Joined: Wed Apr 23, 2008 11:11 pm
Posts: 19
Thanks for putting a test case for this. I actually did the same thing and got the same result. Using lucene directly is much much much faster.

Right now we are using hibernate search to populate the indexes but we're using lucene directly for the search.


Top
 Profile  
 
 Post subject:
PostPosted: Thu May 29, 2008 10:49 am 
Newbie

Joined: Wed May 25, 2005 10:53 pm
Posts: 13
Thanks for the confirmation.

I guess I too have to go by a similar approach.

--Rakesh S


Top
 Profile  
 
 Post subject:
PostPosted: Fri May 30, 2008 5:20 pm 
Hibernate Team
Hibernate Team

Joined: Sun Sep 14, 2003 3:54 am
Posts: 7256
Location: Paris, France
As discussed on the JIRA issue, the unit test reaches a limit into Lucene perfs.
You can implement a pooled IndexReader strategy to work around the problem.
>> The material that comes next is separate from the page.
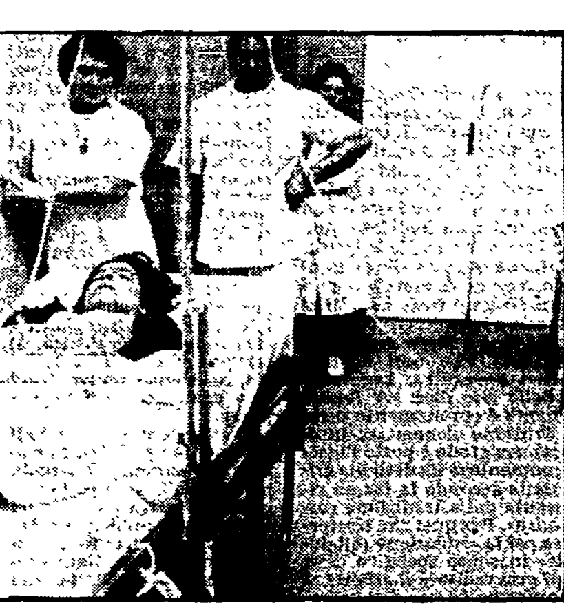
NAPOLI — Una giovane finita nella sala di rianimazione
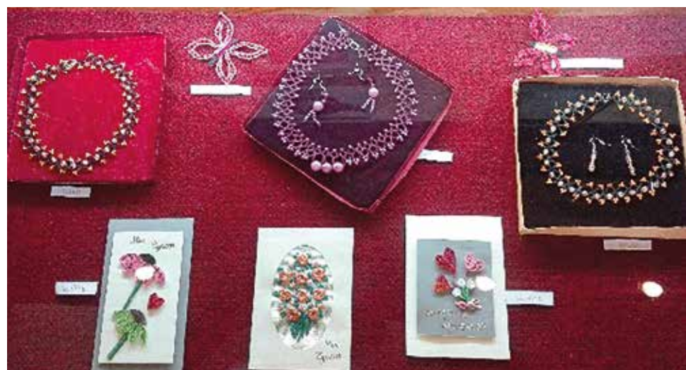
Prace z koronki klockowej Heleny Strzępy można oglądać w gminnej bibliotece

You need to implement a ReaderProvider implementation (see SharedReaderProvider or NotSharedReaderProvider as example) and use hibernate.search.reader.strategy to define your ReaderProvider classname.

_________________
Emmanuel


Top
 Profile  
 
 Post subject:
PostPosted: Wed Jun 11, 2008 9:33 am 
Newbie

Joined: Wed May 25, 2005 10:53 pm
Posts: 13
Hi Emmanuel,

I have been going through the SharedReaderProvider implementation. It looks like it already pools indexreaders using the Map<DirectoryProvider, IndexReader> activeSearchIndexReaders. The openReader() does use it. I'll will enable trace level logs for my testing and check if the same indexreader is being used.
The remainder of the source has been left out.